[WHAT THIS TASK INVOLVES] Could you retype the material, starting at its first line and ending with the line holding "Het mes is precies", and keep the pictures out?

[DATASET ENTRIES]
——

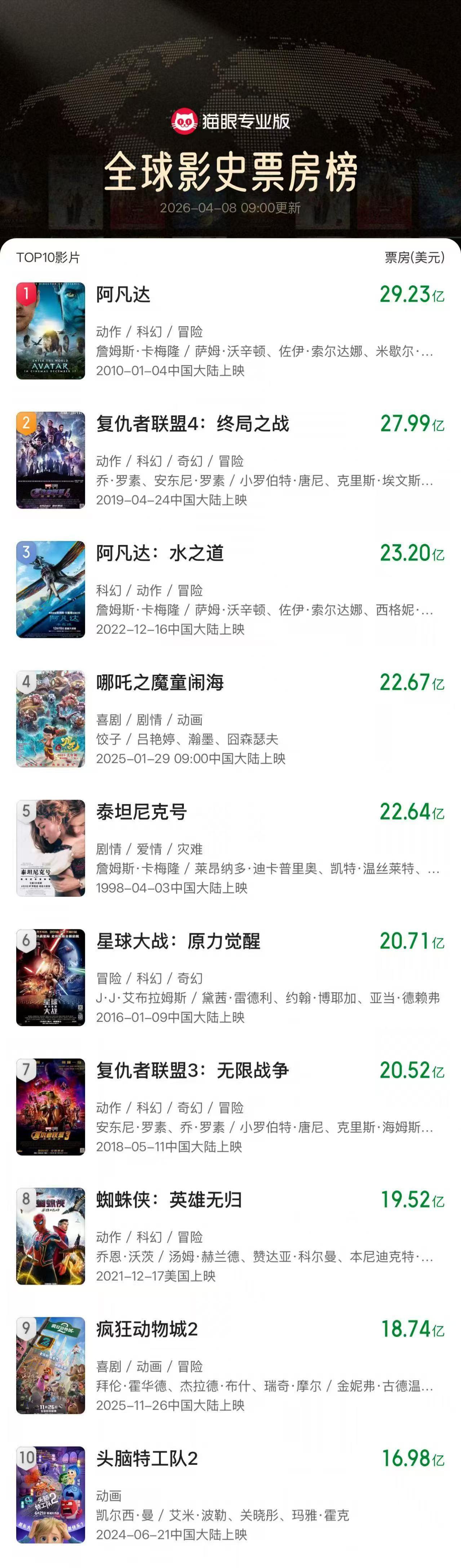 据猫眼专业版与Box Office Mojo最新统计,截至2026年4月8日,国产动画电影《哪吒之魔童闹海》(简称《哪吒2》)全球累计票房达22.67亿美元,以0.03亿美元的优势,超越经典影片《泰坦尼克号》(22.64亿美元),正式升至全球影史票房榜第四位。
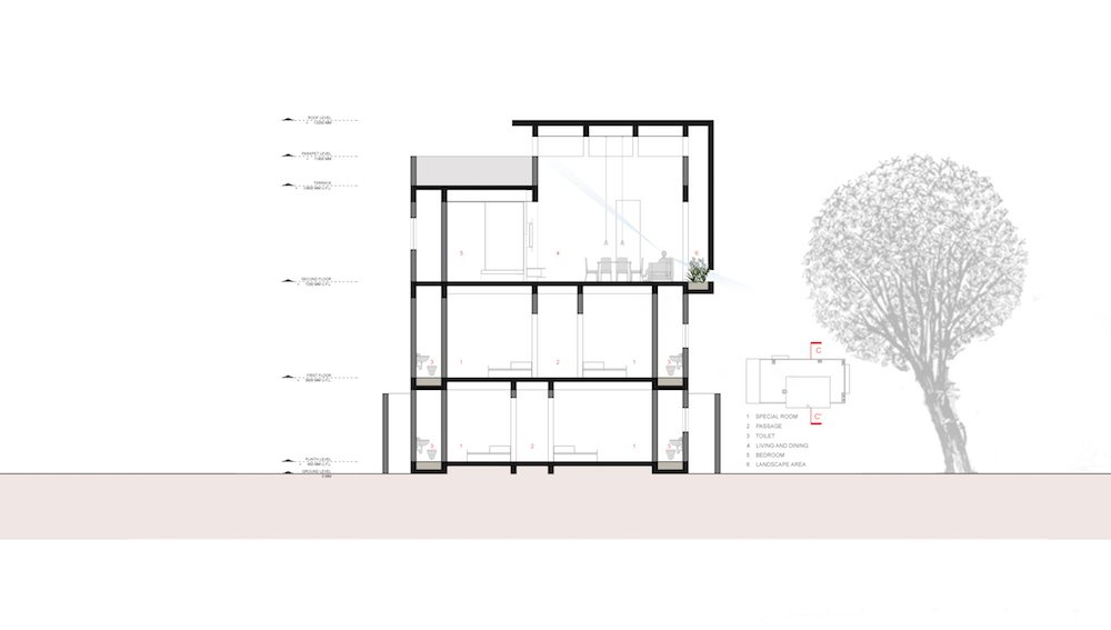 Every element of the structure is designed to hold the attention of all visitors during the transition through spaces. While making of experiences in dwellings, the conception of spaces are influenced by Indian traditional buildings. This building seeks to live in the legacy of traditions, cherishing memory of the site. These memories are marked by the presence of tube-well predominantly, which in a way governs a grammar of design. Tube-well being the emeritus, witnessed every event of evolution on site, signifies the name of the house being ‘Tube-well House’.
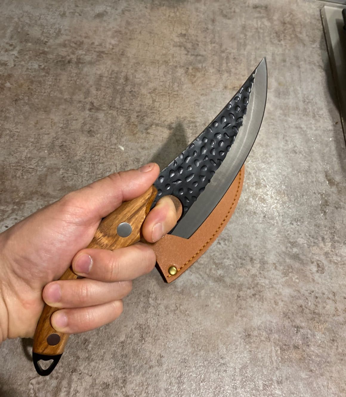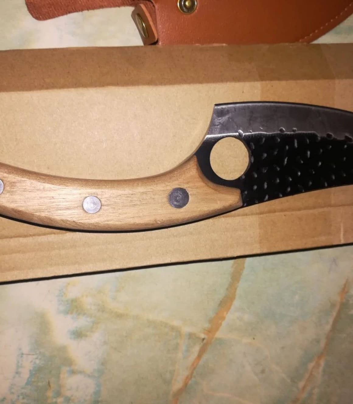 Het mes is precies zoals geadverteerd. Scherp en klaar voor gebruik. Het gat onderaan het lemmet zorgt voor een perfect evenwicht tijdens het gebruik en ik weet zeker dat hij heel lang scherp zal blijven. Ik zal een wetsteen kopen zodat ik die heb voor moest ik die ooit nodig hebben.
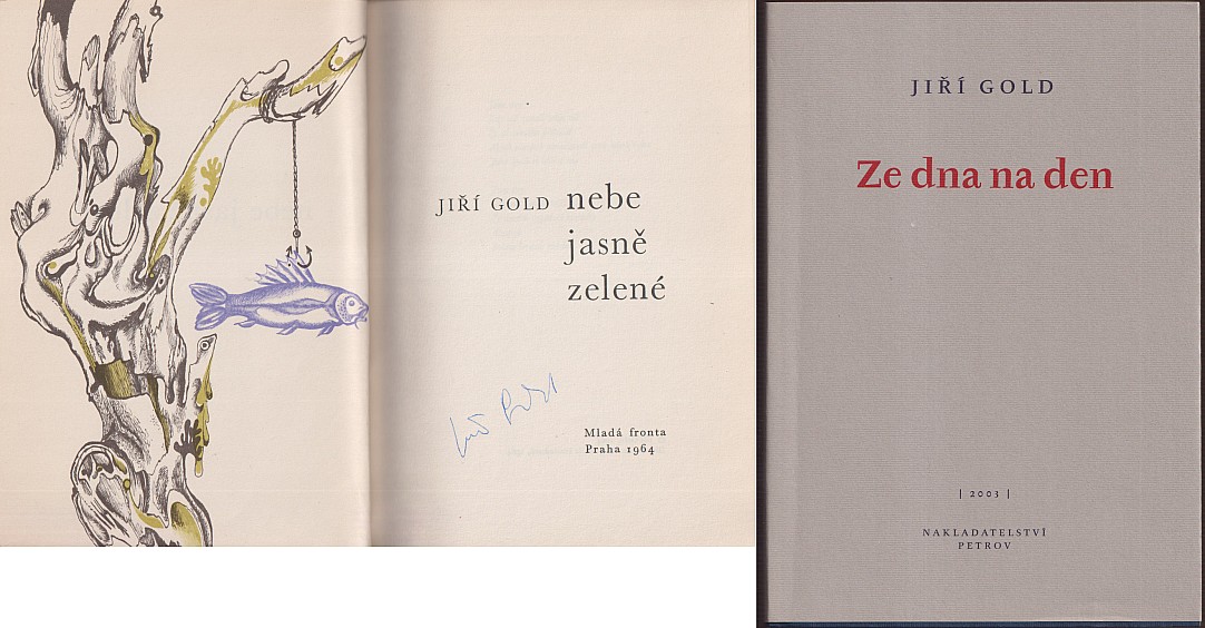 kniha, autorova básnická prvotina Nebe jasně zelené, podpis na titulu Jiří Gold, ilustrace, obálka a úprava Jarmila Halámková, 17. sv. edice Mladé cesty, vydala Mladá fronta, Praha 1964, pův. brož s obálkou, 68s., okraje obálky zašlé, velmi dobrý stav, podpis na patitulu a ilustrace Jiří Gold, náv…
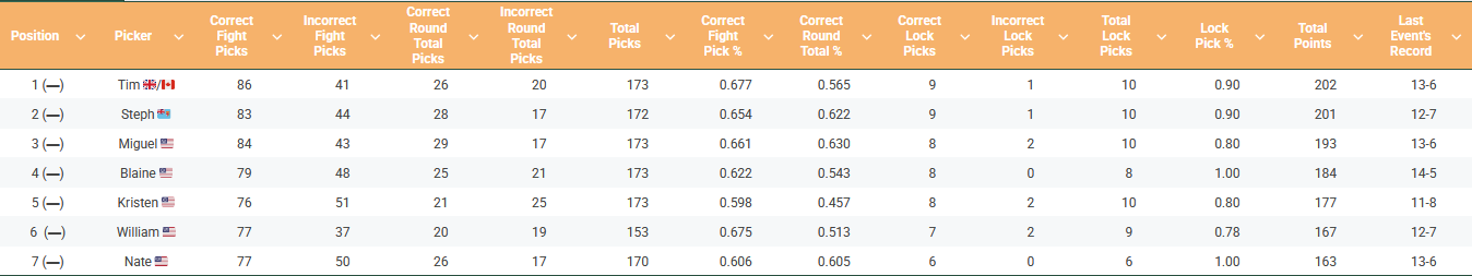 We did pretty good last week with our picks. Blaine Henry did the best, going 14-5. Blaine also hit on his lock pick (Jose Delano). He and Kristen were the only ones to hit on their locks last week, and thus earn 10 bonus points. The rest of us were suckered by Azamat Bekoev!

——

[SOLUTION TO THIS EXERCISE]
 据猫眼专业版与Box Office Mojo最新统计,截至2026年4月8日,国产动画电影《哪吒之魔童闹海》(简称《哪吒2》)全球累计票房达22.67亿美元,以0.03亿美元的优势,超越经典影片《泰坦尼克号》(22.64亿美元),正式升至全球影史票房榜第四位。
 Every element of the structure is designed to hold the attention of all visitors during the transition through spaces. While making of experiences in dwellings, the conception of spaces are influenced by Indian traditional buildings. This building seeks to live in the legacy of traditions, cherishing memory of the site. These memories are marked by the presence of tube-well predominantly, which in a way governs a grammar of design. Tube-well being the emeritus, witnessed every event of evolution on site, signifies the name of the house being ‘Tube-well House’.
 Het mes is precies zoals geadverteerd. Scherp en klaar voor gebruik. Het gat onderaan het lemmet zorgt voor een perfect evenwicht tijdens het gebruik en ik weet zeker dat hij heel lang scherp zal blijven. Ik zal een wetsteen kopen zodat ik die heb voor moest ik die ooit nodig hebben.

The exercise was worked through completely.